WHAT THIS TASK INVOLVES: When you copy the data that follows, reproduce every word exactly and leave out the images.
____ STORED DATA
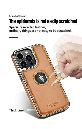 GIGA EG - جراب جلد لموبايل ايفون 14 برو ماكس من بولوكا (بني)، حافظة بسيطة
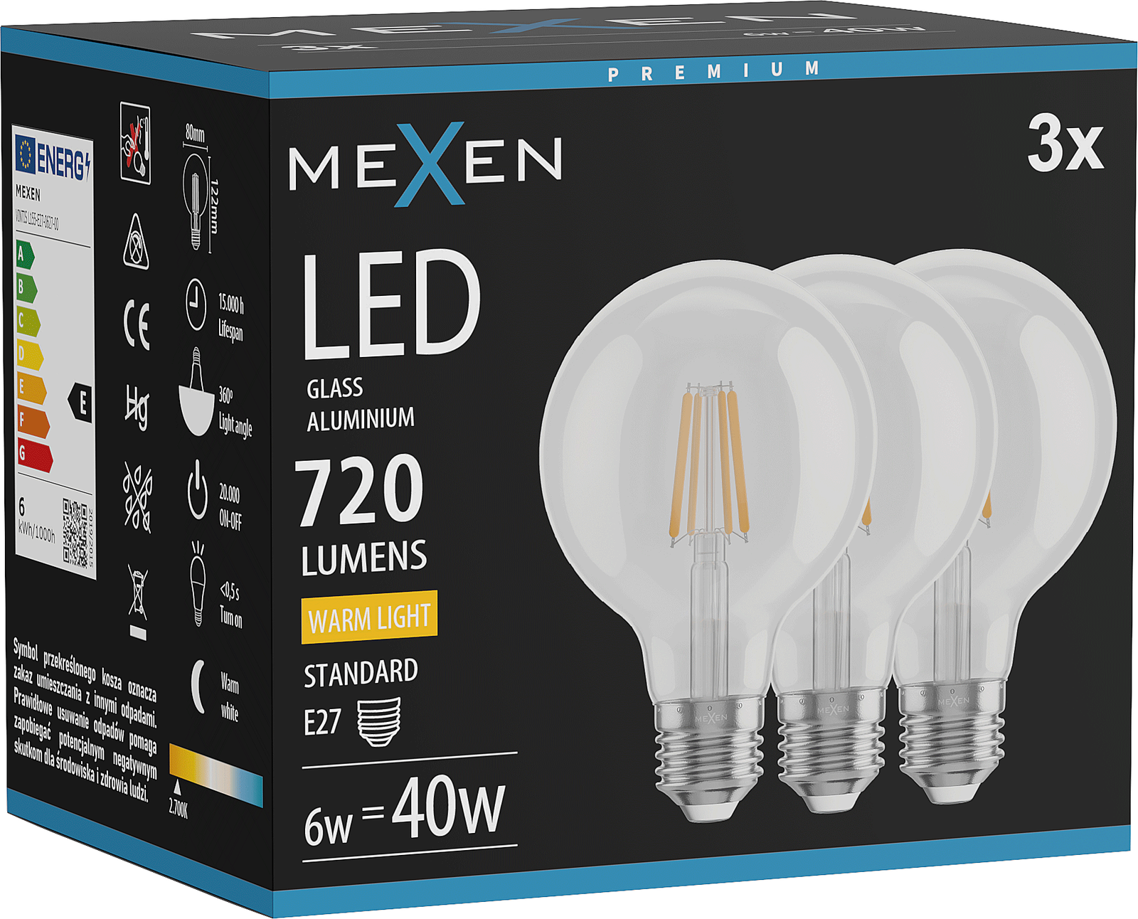 Energy consumption: 6 kWh/1000 h
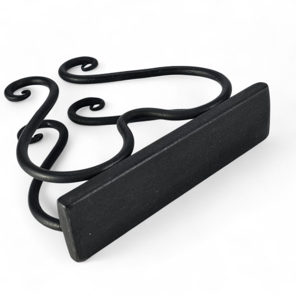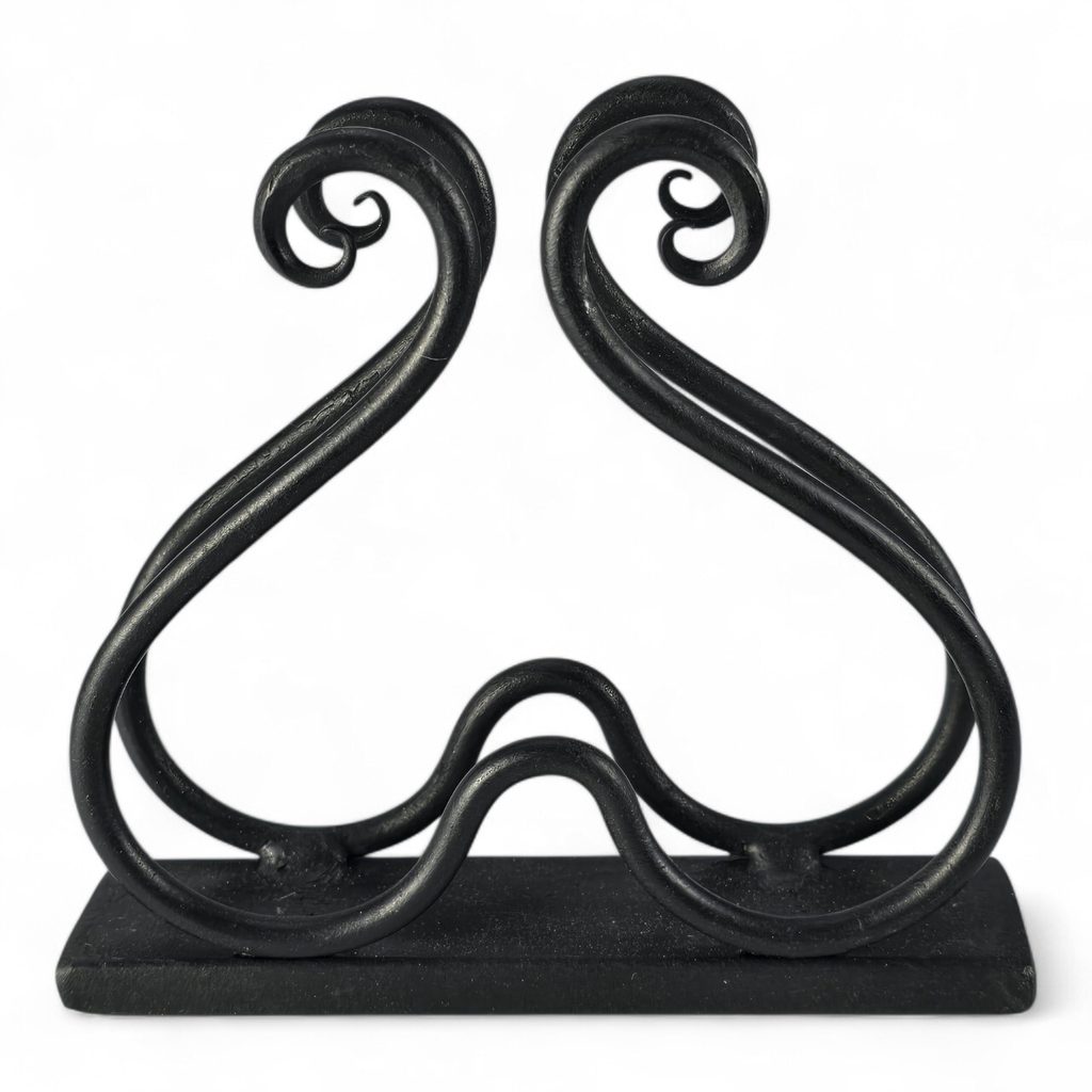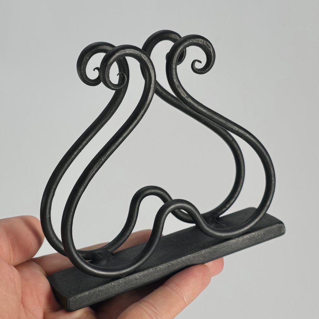 Dieser handgeschmiedete Serviettenhalter ist ein Tischaccessoire, das Sie zu Hause oder im Restaurant schätzen werden. Geschmiedete Spiralen aus massivem Stahl bilden einen Rahmen, der die Servietten sicher hält und gleichzeitig elegant aussieht.
________
TASK SOLUTION:
 GIGA EG - جراب جلد لموبايل ايفون 14 برو ماكس من بولوكا (بني)، حافظة بسيطة
 Energy consumption: 6 kWh/1000 h
 Dieser handgeschmiedete Serviettenhalter ist ein Tischaccessoire, das Sie zu Hause oder im Restaurant schätzen werden. Geschmiedete Spiralen aus massivem Stahl bilden einen Rahmen, der die Servietten sicher hält und gleichzeitig elegant aussieht.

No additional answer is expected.